Swallow-70b-instruct-hf: Japanese-Enhanced Llama 2 Model
Swallow-70b-instruct-hf is a 70 billion parameter instruction-tuned language model developed by TokyoTech-LLM. It is based on the Llama 2 architecture and has been continually pre-trained with extensive Japanese language data, significantly enhancing its proficiency in Japanese. A key feature is its tokenizer, which incorporates a broadened vocabulary specifically for Japanese, leading to more efficient text representation and faster inference.
Key Capabilities and Performance
- Superior Japanese Language Performance: The model demonstrates strong performance across a range of Japanese benchmarks, including JCommonsenseQA, JEMHopQA, NIILC, JSQuAD, XL-Sum, WMT20, and MGSM. For instance, the 70B Swallow model achieves 0.9348 on JCommonsenseQA and 0.4840 on MGSM, outperforming its Llama 2 counterpart in most Japanese tasks.

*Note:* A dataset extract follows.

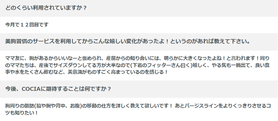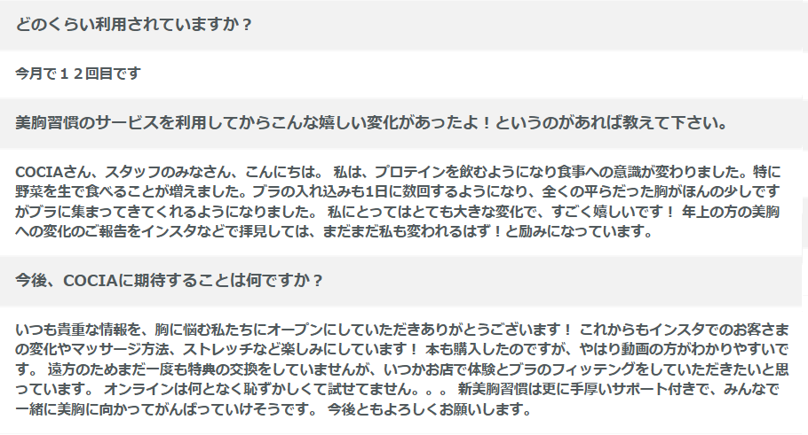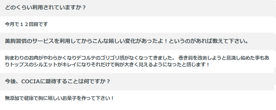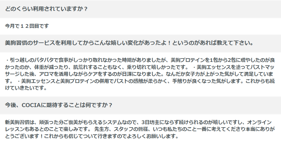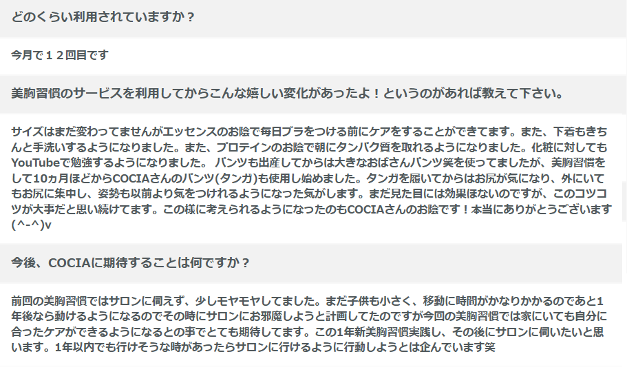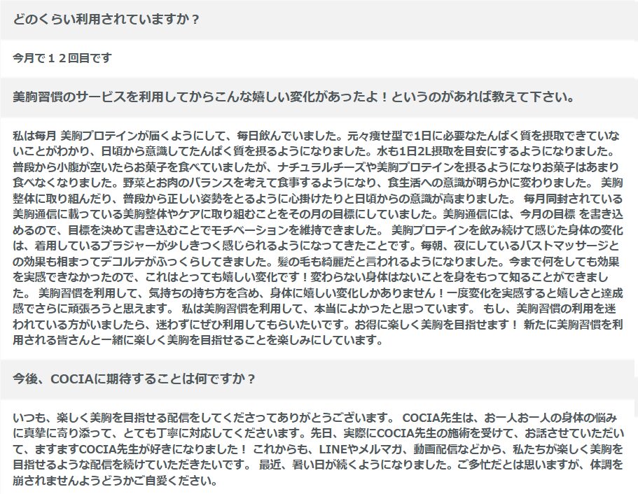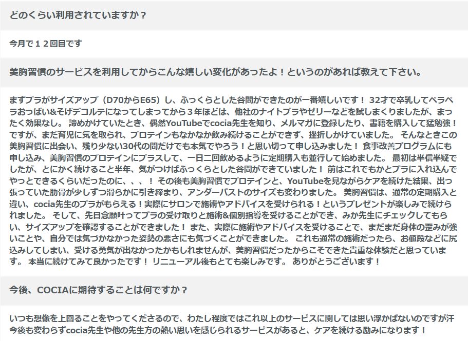 美胸習慣の利用者さんからの口コミ

- Efficient Tokenization: Utilizes a tokenizer with an expanded Japanese vocabulary, allowing for more compact text representation and improved inference speed.

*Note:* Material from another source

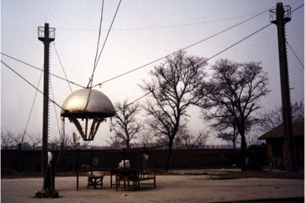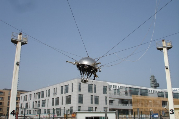 第二个模型是在中国科学院知识创新工程重大项目支持下进行的,位于西安市南郊的沙井村,是一个1:10比例的50米室外模型。在这一模型中,6个支撑塔的高度为15米,均匀分布在直径50米的圆上,馈源舱为直径2.5米的半球。实验中为了抑制振动,这一模型对6悬索并联系统方案还做了微调,增加了2根向下拉的悬索。

- Instruction-Tuned: This specific version is instruction-tuned, making it suitable for conversational and instruction-following tasks.
- Competitive English Performance: While optimized for Japanese, the model maintains solid performance on English benchmarks such as OpenBookQA, TriviaQA, HellaSwag, SQuAD2.0, XWINO, and GSM8K.
Training Details
The model underwent continual pre-training using diverse datasets including Japanese Wikipedia, RefinedWeb, Swallow Corpus, and The Pile. Instruction tuning was performed with datasets like Anthropic HH-RLHF, Databricks Dolly 15-k, and OpenAssistant Conversations Dataset, all adapted for Japanese.
Good for
- Applications requiring high-quality Japanese language understanding and generation.
- Instruction-following tasks in Japanese.
- Scenarios where efficient processing of Japanese text is crucial due to optimized tokenization.
- Research and development in multilingual LLMs, particularly for Japanese-English contexts.